Don't just dump them in a zip bag! If you do that now, they'll freeze in a giant lump. We're going to flash freeze them, so lay them all out on a cookie sheet or baking rack (which makes the freezing go faster). They can touch a bit, but again--you don't want a big pile.

Tuck them into the freezer (you did measure the rack to be sure it would fit before you loaded it up, right?) and remind yourself to move the multiple containers of ice cream before taking another picture.

After about an hour, they should be frozen solid. There are a couple of ways to test this: look for ice crystals on the cut edges, or accidentally drop one and watch it shatter all over your clean floor. I suggest option #1.

Now you can dump them in your labeled zip bag. Before you stash them in the freezer, make sure you've pulled all the air out of the bag to prevent freezer burn. Slip a straw in one edge of the bag, and zip it shut right up to the straw.

Then suck the air out while your husband takes pictures and makes "I didn't inhale!" jokes. Try not to laugh and fill the bag back up full of air.

Voila! Now you have a tasty bag of peppers in your freezer stash. Won't it be great to bust those out when the price is $3.69/lb later this year?

Saturday, September 4, 2010

Labor Day Tomato Sauce

Eleven pints of tomato sauce and my "labor" is done for this Labor Day Weekend. The zillions of tomatoes are finally gone from the kitchen counter!

Wednesday, September 1, 2010

Why Didn't I Think of That? Wednesday

Each Wednesday I'll share a tip to make your week go more smoothly or just make you say "aha!"

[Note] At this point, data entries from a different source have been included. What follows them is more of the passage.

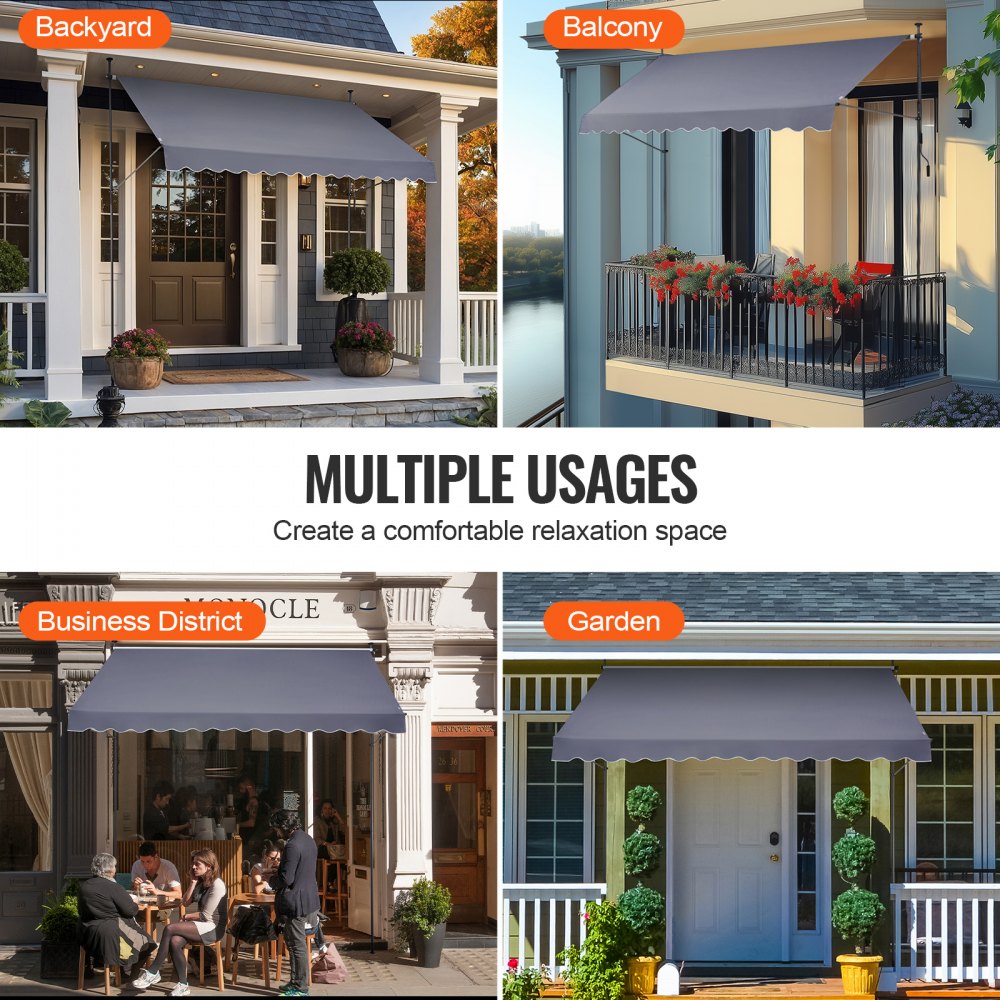 Všestranné použití: Tyto markýzy na terasu jsou ideální pro zahrady, balkony a terasy a poskytují stylovou ochranu před sluncem a pohodlí a promění váš venkovní prostor v relaxační oázu.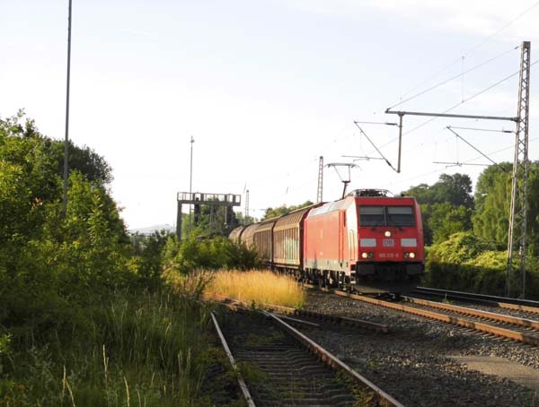 Dann kommt 185 315 mit einem Gemischtwarenladen aus Süden heran.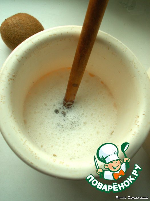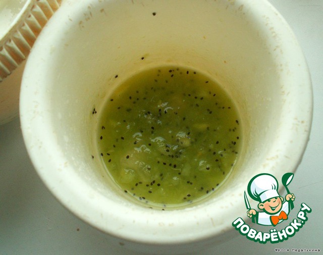 Киви очистить от кожуры, несколько ломтиков оставить для украшения, остальное измельчить блендером, добавить 0,5 ст.л. сахара, размешать.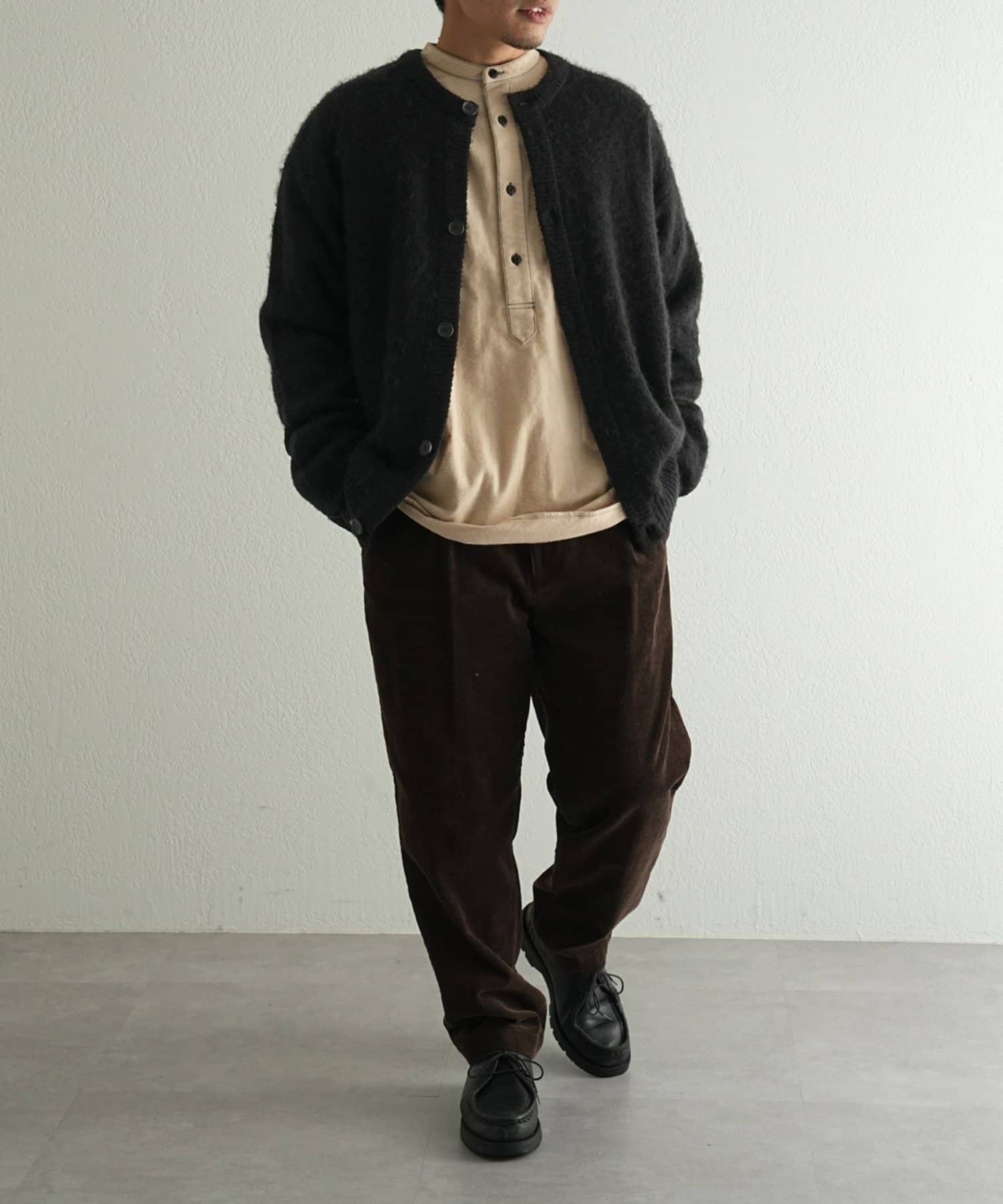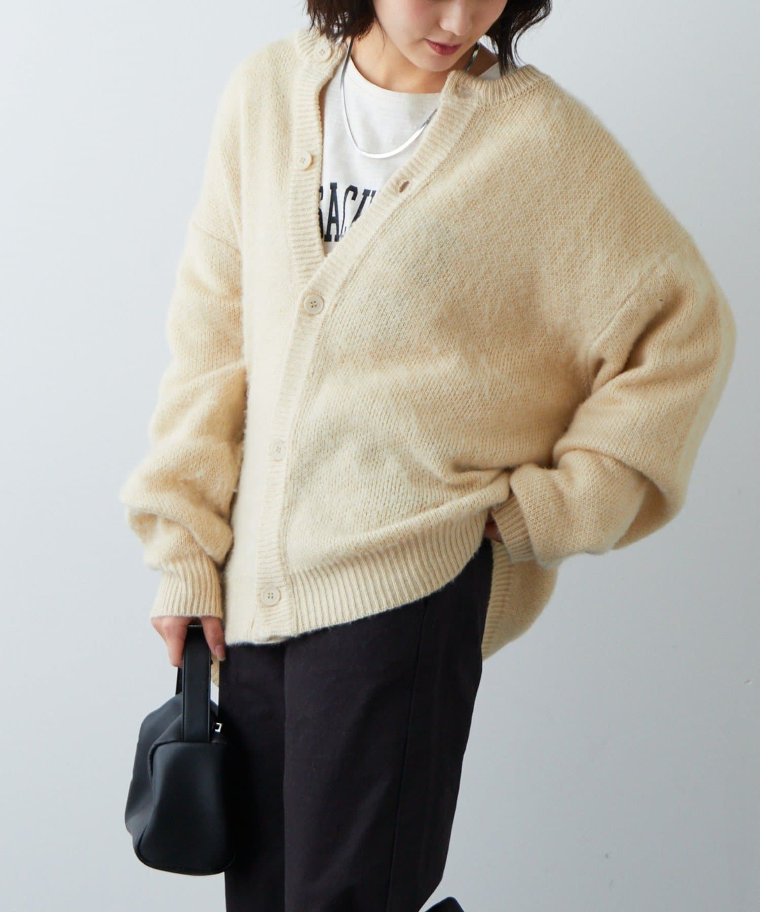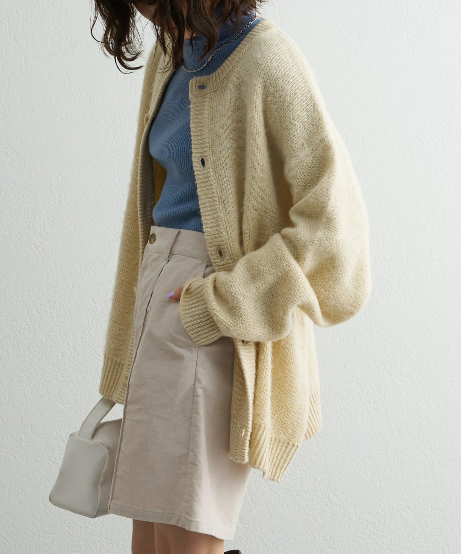 幅広い組み合わせが楽しめるクルーネックカーディガン

I read this tip recently but haven’t had a chance to try it. I’m using up so much home-canned applesauce that I haven’t tried anything else!


You probably know that you can replace oil or butter with applesauce in cakes, muffins, zucchini bread, and so on. You can also substitute beans in place of the oil and it doesn't change the flavor.

Puree a can of beans (with the juice), then substitute equal portions of the puree in place of the oil. If the recipe calls for 1/2 cup oil, use 1/2 cup bean puree. Use beans that match the item’s color, like black beans in brownies, pinto beans in zucchini bread, etc.

What do you think? Have you tried it? Let us know in the comments!